I previously posted about a side-gig I have with an RTC. I described the details in a separate thread some months ago, quoted below. My current predicament is that I want to increase my rate, but also that the way I bill, which is essentially fee for service (FFS), doesn't feel right to me.
For some background, I'm a fellowship trained C&A psychiatrist and have a side-gig with a residential treatment center managing their 40 residents. I charge $300 per month for each patient I manage (which is all of them) which includes a monthly follow-up visit, and $600 for intakes. I am debating asking for $750 for intakes.
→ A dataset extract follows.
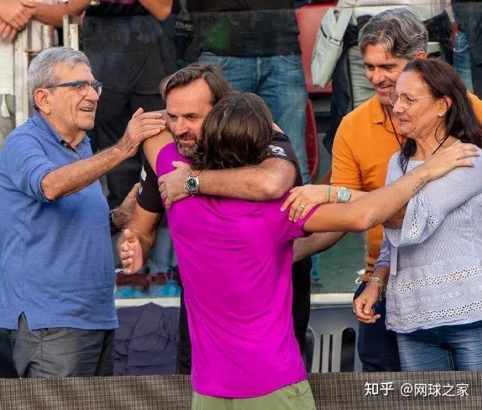 最后来猜一猜认一认。下面这张图片是一位球员获胜之后与家人和团队成员拥抱。不作提示,您能认出他是谁吗?

The intakes I do are likely more involved than what you do; I spend an average of 30 minutes reviewing testing beforehand, 30-40 minutes interviewing the patient and their therapist, and 15-45 minutes on the phone with their parents. The intakes are the most challenging and lowest paying part of my job, and I wouldn't do them for $600 if I wasn't able to rake in the bucks through providing ongoing management afterward.
Part of what's motivating me here is a handful of clients they've accepted recently, with the understanding that they'd only be in the program for a few months until they turn 18; this puts me in the position of having put a ton of work into completing my evaluation, but then being unable to profit off the ongoing management, which I feel is much more generously compensated.


I see three options.
1) continue FFS model but increase my prices
2) switch to a flat management fee with no FFS
3) devise some sort of hybrid, to allow for flexibility

With that said, what makes the most sense? If it were entirely up to me, I think I would increase my total compensation by charging something like a $300 management fee for each kid, then on top of that, each follow-up visit I would charge $150. This would allow more flexibility in visit frequency as I could be compensated for seeing kids as often (or inoften) as they need, rather than seeing each kid once a month by default, which is how it currently is set up. I could then charge $750 for the intake, which could include management for that first month or have a pro-rated management fee added into it.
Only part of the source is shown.